## What you should do
Your output should be the lines below from the one with "AnyTime Organizer has" through the one with "Présence d’éclats sur", copied exactly, pictures excluded.

## Given information
-- -- --

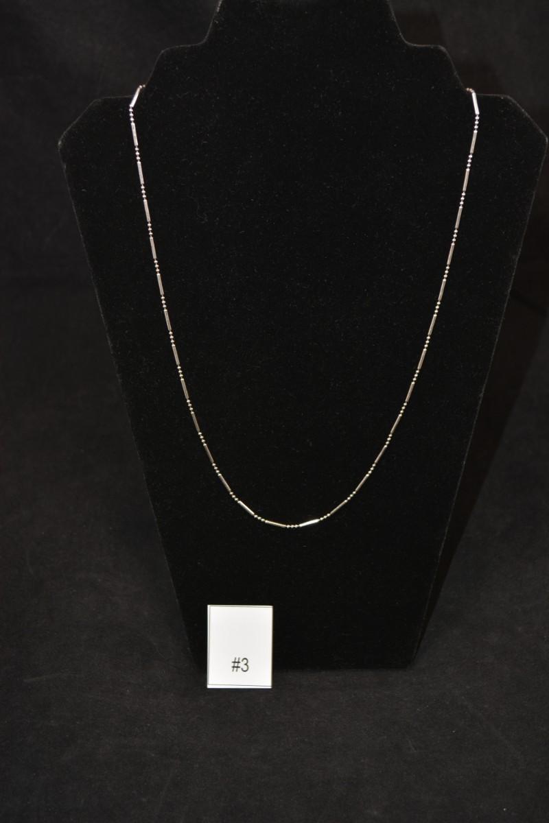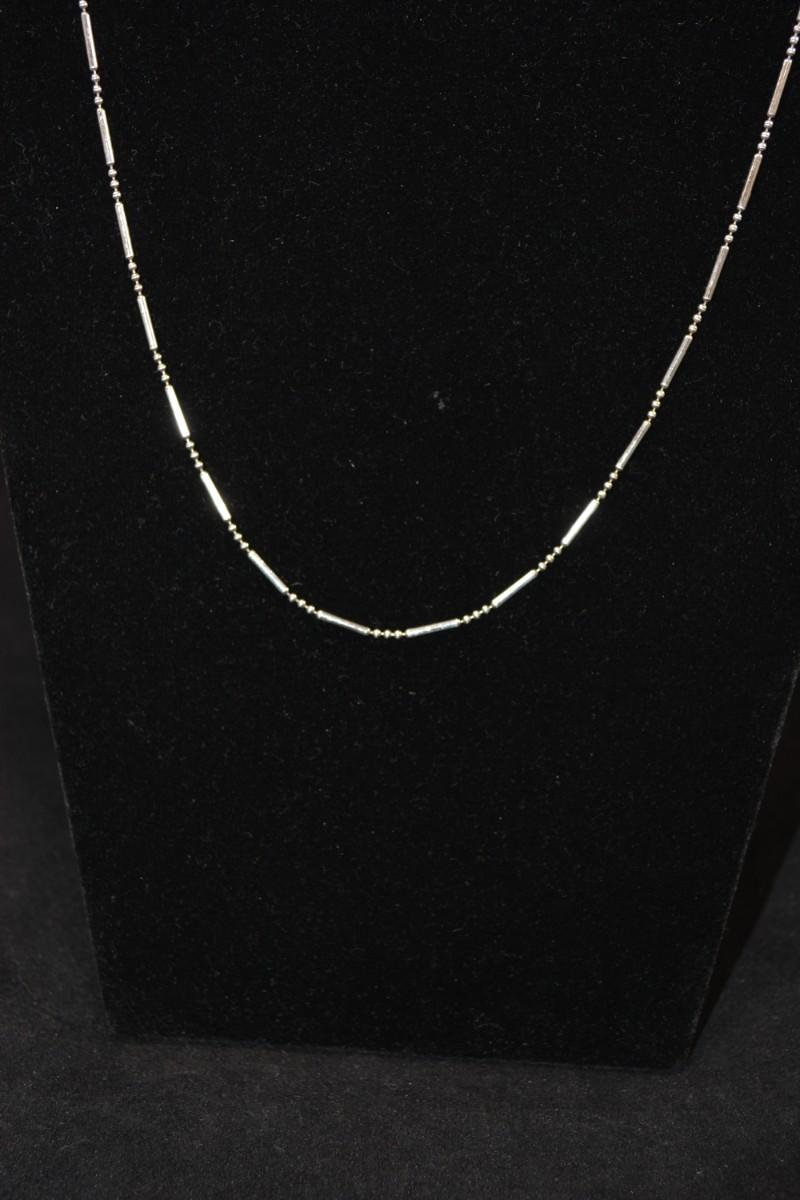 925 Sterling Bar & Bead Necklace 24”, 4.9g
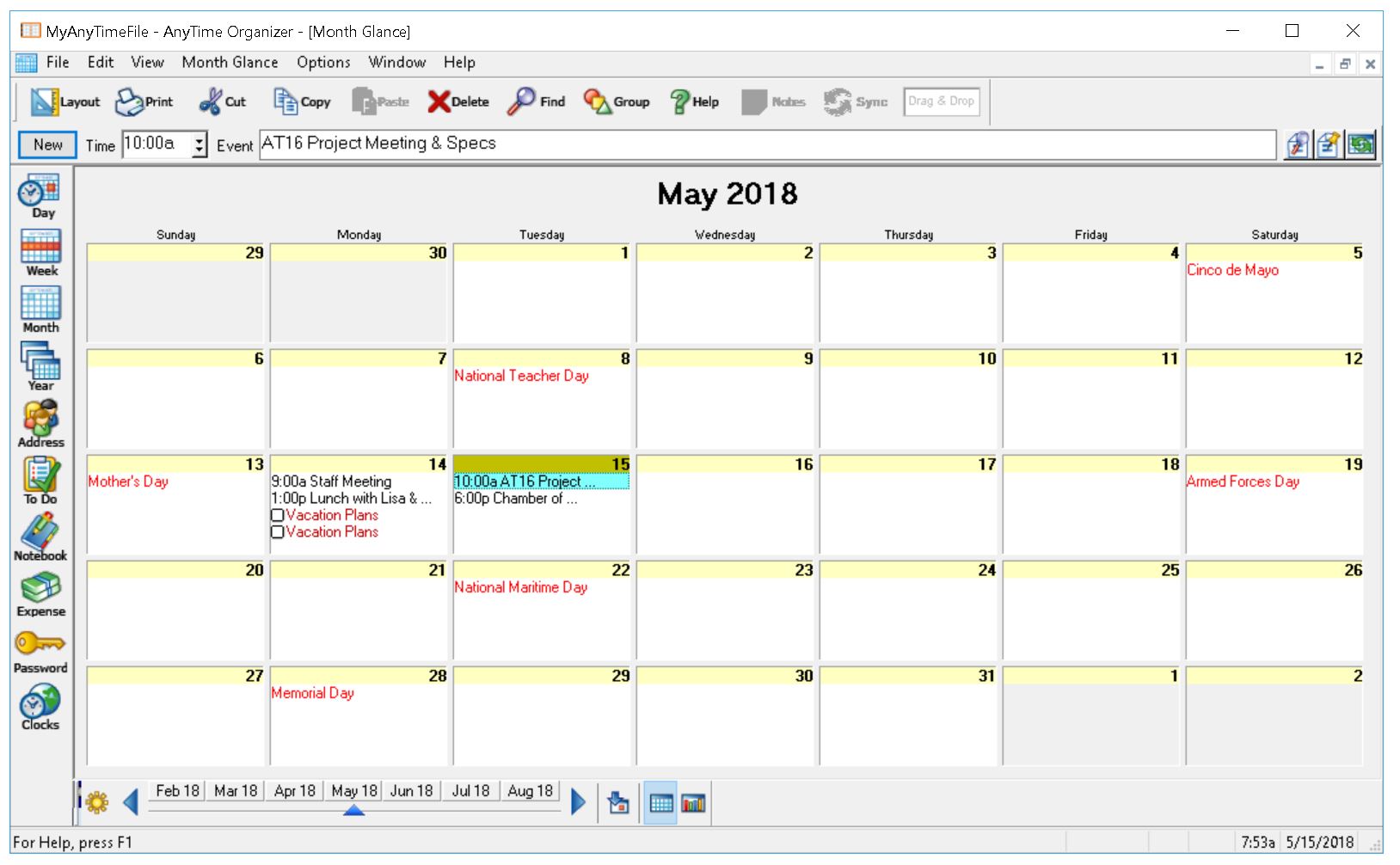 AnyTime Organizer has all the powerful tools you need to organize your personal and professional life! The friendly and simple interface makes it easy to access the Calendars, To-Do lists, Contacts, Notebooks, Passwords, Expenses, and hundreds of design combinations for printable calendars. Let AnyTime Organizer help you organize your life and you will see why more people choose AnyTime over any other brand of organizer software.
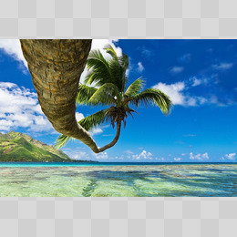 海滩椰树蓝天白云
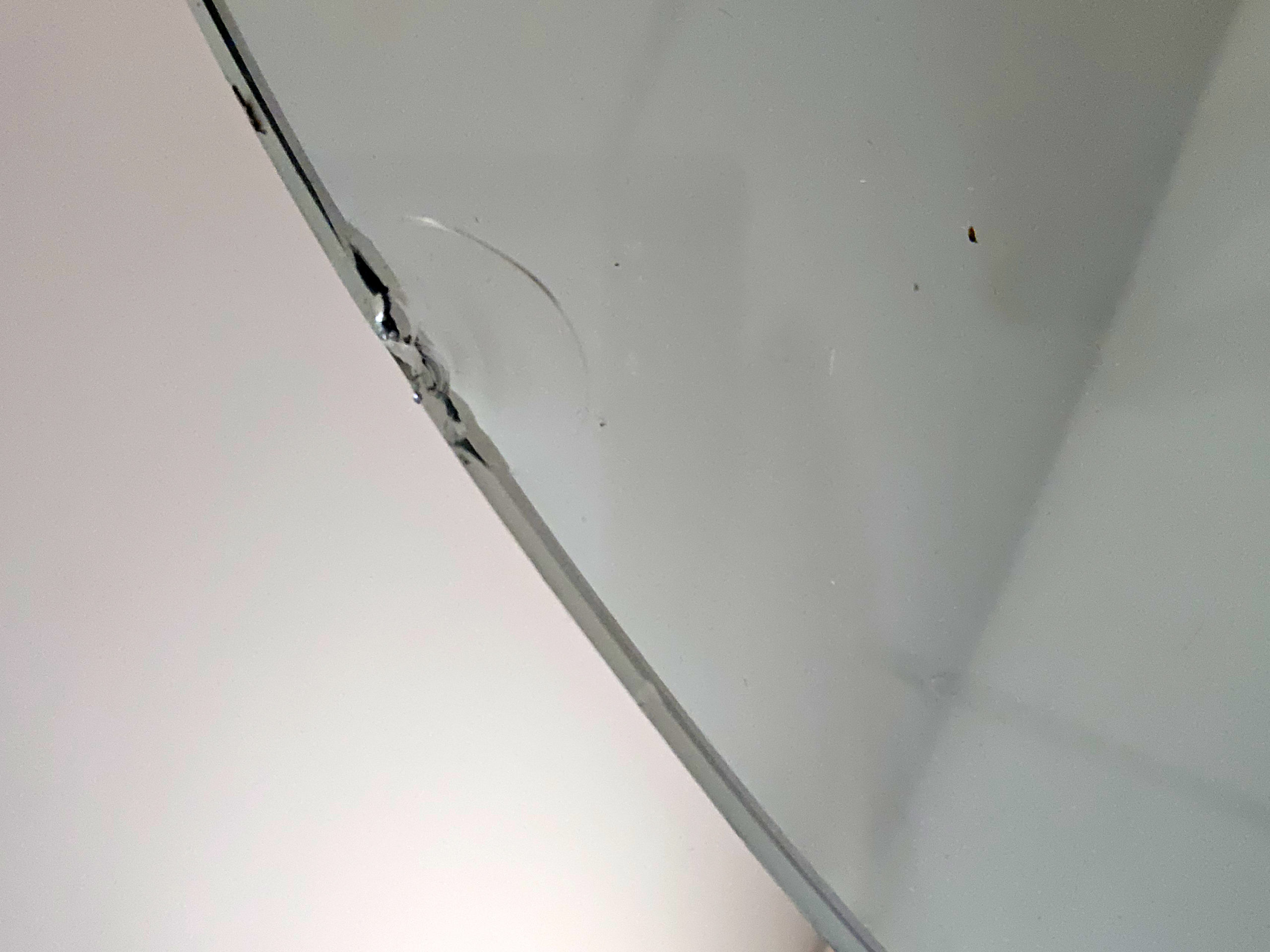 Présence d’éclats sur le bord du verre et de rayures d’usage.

-- -- --

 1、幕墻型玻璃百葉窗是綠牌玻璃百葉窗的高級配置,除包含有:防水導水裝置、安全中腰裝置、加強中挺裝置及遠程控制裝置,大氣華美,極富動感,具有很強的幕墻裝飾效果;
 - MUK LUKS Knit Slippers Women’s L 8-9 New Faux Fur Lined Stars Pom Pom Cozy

-- -- --

## Result of this task
 AnyTime Organizer has all the powerful tools you need to organize your personal and professional life! The friendly and simple interface makes it easy to access the Calendars, To-Do lists, Contacts, Notebooks, Passwords, Expenses, and hundreds of design combinations for printable calendars. Let AnyTime Organizer help you organize your life and you will see why more people choose AnyTime over any other brand of organizer software.
 海滩椰树蓝天白云
 Présence d’éclats sur le bord du verre et de rayures d’usage.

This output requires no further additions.